CARLTON FLETCHER: Trump, Bernie bring life to presidential campaign
OPINION: Vermont senator made surprising run, now headed for obscurity
By Carlton Fletcher
Look in my eyes, what do you see? The cult of personality.
— Living Colour
Unless something drastic happens — and this is politics and America, so that is a very real possibility — it looks like Donald Trump and Hillary Clinton are going to win their respective parties’ nominations and face off for the White House.
Both will be bringing lots of baggage — the figurative and literal kind — into the showdown, which promises to be one of the most entertaining in recent history. (Quick note: Not sure if entertaining is what America needs right now, but we’re getting what we’re asking for.)
But before we anoint any candidate — and put on our “liberal” or “conservative” battle armor — one element of the campaign for the presidency deserves a closer look. No matter anyone’s opinion on the candidates themselves, their base of supporters or their tactics, no one can deny the amazing impact both Trump and Bernie Sanders have had on the race.
Risking the venom of Trump true believers, who are ready and willing to sucker-punch — again, both figuratively and literally — anyone who refuses to see the light, I must say the candidate who now stands on the threshold of GOP victory and the failed TV host/businessman of dubious shady practices who first entered the race are worlds apart.
Quite frankly, Trump was the punchline to a number of jokes when he declared what most assumed would become his quadrennial candidacy, but he has managed to ride his brash, say-whatever-comes-to-mind strategy to once unfathomable heights. He’s insulted women, minorities and old-line Republicans alike; engaged in an open debate about the substantiveness of his … ahem … manhood, and he’s used his absurd promise to build a wall to keep Mexicans out of the country as the primary basis for his platform.
Trump has admitted to using the screwed-up American bankruptcy system to beat businesses and individuals out of billions of dollars in building his own empire, and he’s rankled with his comments pretty much every foreign leader — both friend and foe — paying attention.
In the past, Trump’s political mistakes would have buried his candidacy. Now, though, every new absurdity seems to win him more fans.
(An interesting side note: The media, which have made every tidbit of Trump’s campaign a breaking-news story, can’t wait to tell their audiences about each new Trumpism that arises. But most are reporting only the sensationalistic verbal outrages. What they aren’t reporting is Trump’s campaign platform — and he doesn’t help in that regard because he’s so intent on the platitudes that his audience loves. But a little digging actually turns up some ideas that are very sound, dare I say, very presidential. Trump’s no fool. He knows his chance of winning centers on building what Living Colour called his “cult of personality.” More emphasis on his policies, though, would win him approval away from his base.)

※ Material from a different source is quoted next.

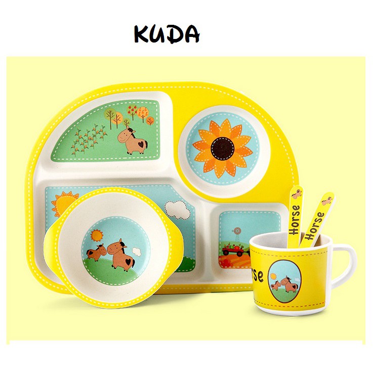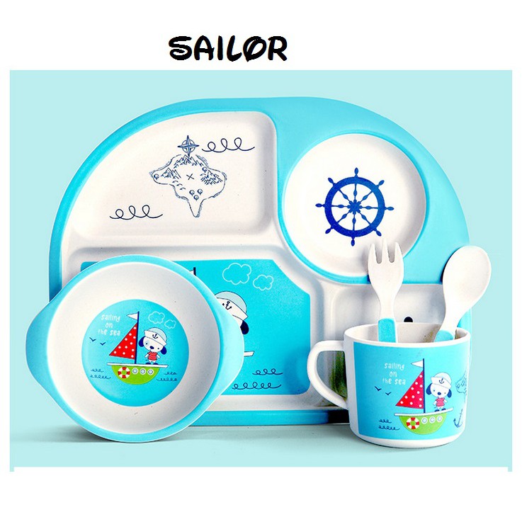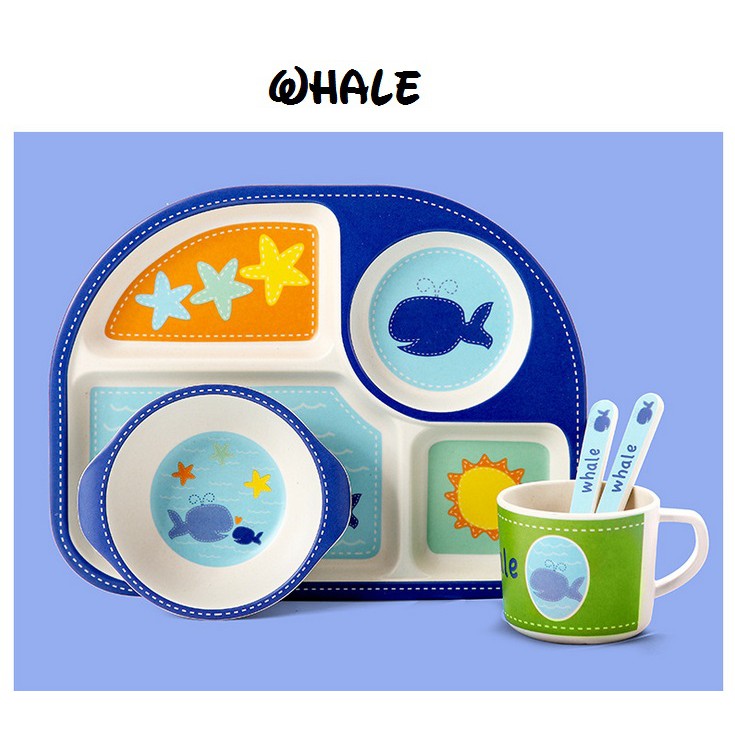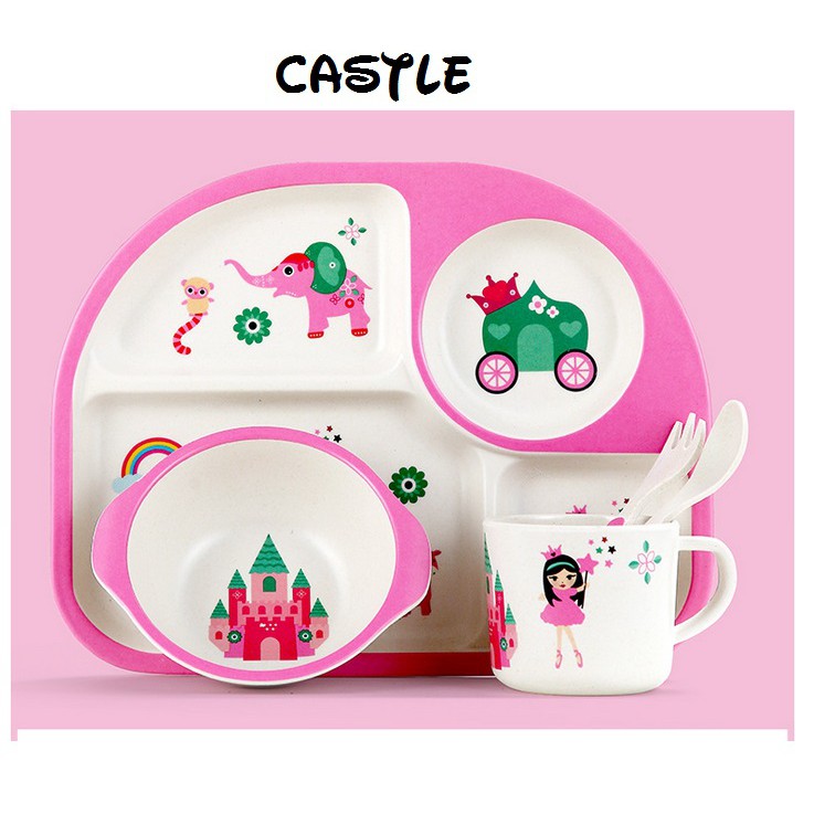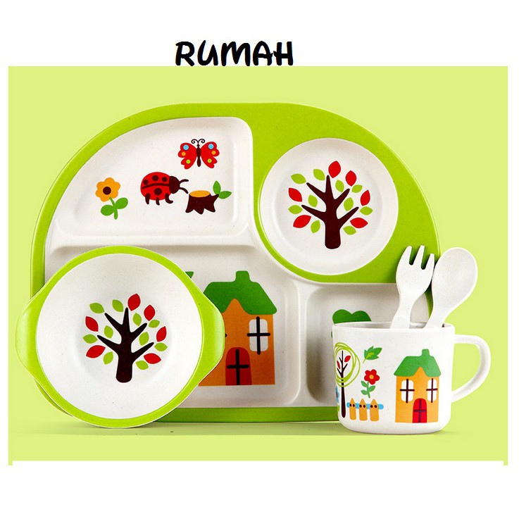Bamboo Fiber Feeding kids Set / Peralatan makan bayi / Piring anak Kotak / piring bamboo bambu

And then there’s Bernie. Let’s be honest here. When the campaign kicked into high gear, Hillary Clinton was the anointed Democratic candidate with no viable challenger on the horizon. Sanders’ entry into the race was brushed off as another ho-hum Quixotic exercise in self-delusion.
But a funny thing happened on Clinton’s way to the nomination. Even after describing himself as a “socialist” (and changing that to “democratic socialist” in midstream was obviously some PR nerd’s idea), which once would have been a campaign death sentence, Sanders caught fire. Young people — ironically, it would seem, given his curmudgeonly personality — fell in love with Sanders, and Clinton quickly learned that she had work to do before stamping her name on the Democratic ticket.
Under financed and without the political connections of a Clinton, the junior Vermont senator started attracting larger and larger crowds. Then he started winning primaries and climbing from an almost 60 percent deficit in opinion polls. And Clinton’s strategy to save her campaign capital for the run against the Republican nominee was tossed. She’s had to use a large portion of her war chest just to withstand the challenge of the man initially considered an afterthought.
And don’t think that Trump’s not overcome with glee with each dollar Clinton’s having to spend to hold off Bernie, who also did the GOP nominee the favor of exposing Clinton’s weaknesses.
The Bernie and Trump show has been an interesting sidebar on the 2016 path to the White House, and Sanders is bound to soon fade into obscurity, only a footnote to the bigger picture. But for a while, he was a viable part of the “Big Two” who became the surprises of the political season. And while Bernie searches for his inevitable stepping-off point, the Trump train rolls on.